PLIER analysis of the snRNAseq and snATACseq datasets identified LVs showing differential expression between sexes or predominant expression in each of the major pituitary cell types (Supplementary Figure 10). For example, LV1rna and LV1atac (Fig. 6a) showed increased expression in females (Wilcoxon p= 1.1e−5) and in female lactotropes (Wilcoxon p=0.02) respectively. Comparing LV1rna in an independent scRNAseq dataset from dissociated male and female pituitaries confirmed the differential expression between females and males (Supplementary Figure 11, Wilcoxon p=1.1e−8). In snap-frozen pituitaries, LV1rna and LV1atac also showed similar patterns of expression in individual animals, with one female pituitary exhibiting a male-like pattern for each LV (Fig. 6a). This female also showed apparent differences in cell type ratios determined by snRNAseq, with 37% somatotropes vs. 27.3% and 27.7% in the other two females (Supplementary Table 2). Correct sex identification of all animals was confirmed by Xist and Y chromosome gene expression, as well as open chromatin accessibility in the Y chromosome for the males. We speculated that the female showing a male-like pattern of expression might be a non-cycling female. Particularly, one of the top drivers for LV1rna and LV1atac was Crhbp, an estrogen-regulated gene (arrows, Fig. 6a). The expression and accessibility levels of the Crhbp gene, and the expression of the estrogen-responsive Greb1 gene (involved in the estrogen receptor-regulated pathway26, 27, 28, 29) were much higher in the other two females than in the female showing a male-like pattern (Fig. 6a). Crhbp gene expression was previously reported to be more elevated in females relative to males and to increase during proestrus30. While these animals were randomly selected with no determination of cycle status, the LV analysis suggests the identification of a stage where estradiol is low in this female, consistent with an absence of cycling.

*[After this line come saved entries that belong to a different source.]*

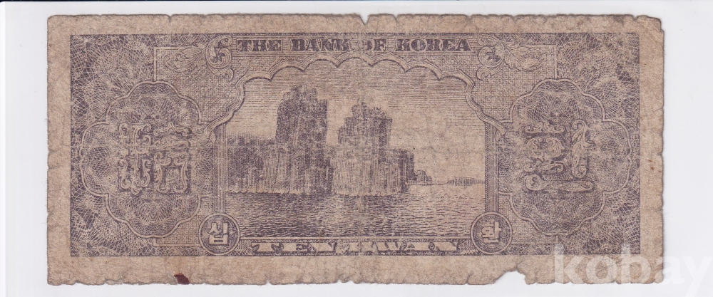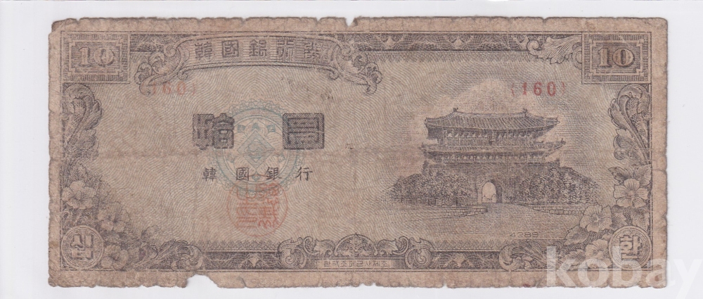 - 4289년(1956년) 남대문 신 십환 백색지 판번호 160번 사용제 지폐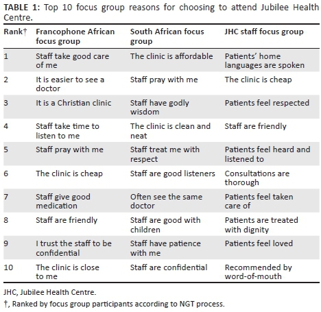 Six participants were recruited for the JHC staff focus group, 10 in the Francophone African focus group and 9 in the South African focus group. The staff focus group produced 28 responses to the question 'what are some of the reasons why you have chosen to attend Jubilee Health Centre?' The Francophone African focus group resulted in 19 responses and the South African focus group provided 36 responses. Table 1 shows the top 10 ranked answers from each focus group. These 30 reasons for choosing to attend JHC were collated to provide 15 statements which were used in the survey (see Table 3) to be agreed or disagreed with using a Likert scale.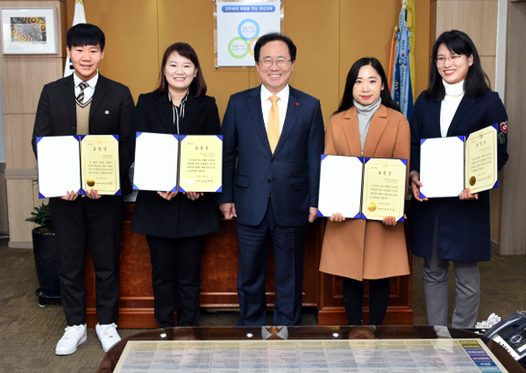 김석준 부산시교육감이 9일 오전 교육감실에서 심장마비로 쓰러진 학생에게 심폐소생술 등 응급처치를 해 생명을 구한 부산 성심보건고등학교 김미숙, 김수연, 김현정 교사와 천태웅 학생(1학년)에게 표창장을 수여했다.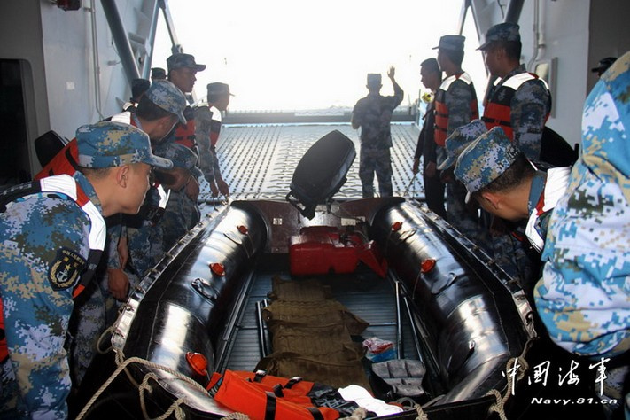3月11日上午9時40分,井岡山艦發現一件疑似紅色救生衣,立即出動橡皮艇打撈,不放過一絲希望,后經證實與失聯飛機無關。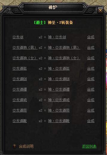 今天来看合成道士神装。点进去之后,便会出现[道士]神圣·2转装备的兑换公式。让我们一起来了解下吧。

Many of the genes in LV1rna and promoter accessibility sites in LV1atac do not correspond. This is expected as these two LVs were identified by independent PLIER deconvolution of the two data types. Nonetheless, the formulation that LV1rna and LV1atac captured related transcriptional and epigenetic pathways is supported by their similar patterns of variation between sexes and among individual animals, as well as their significant overlap of transcripts and proximal gene accessibility sites (hypergeometric test for overlap of 17 from the first 200 features; p= 3.6e−5).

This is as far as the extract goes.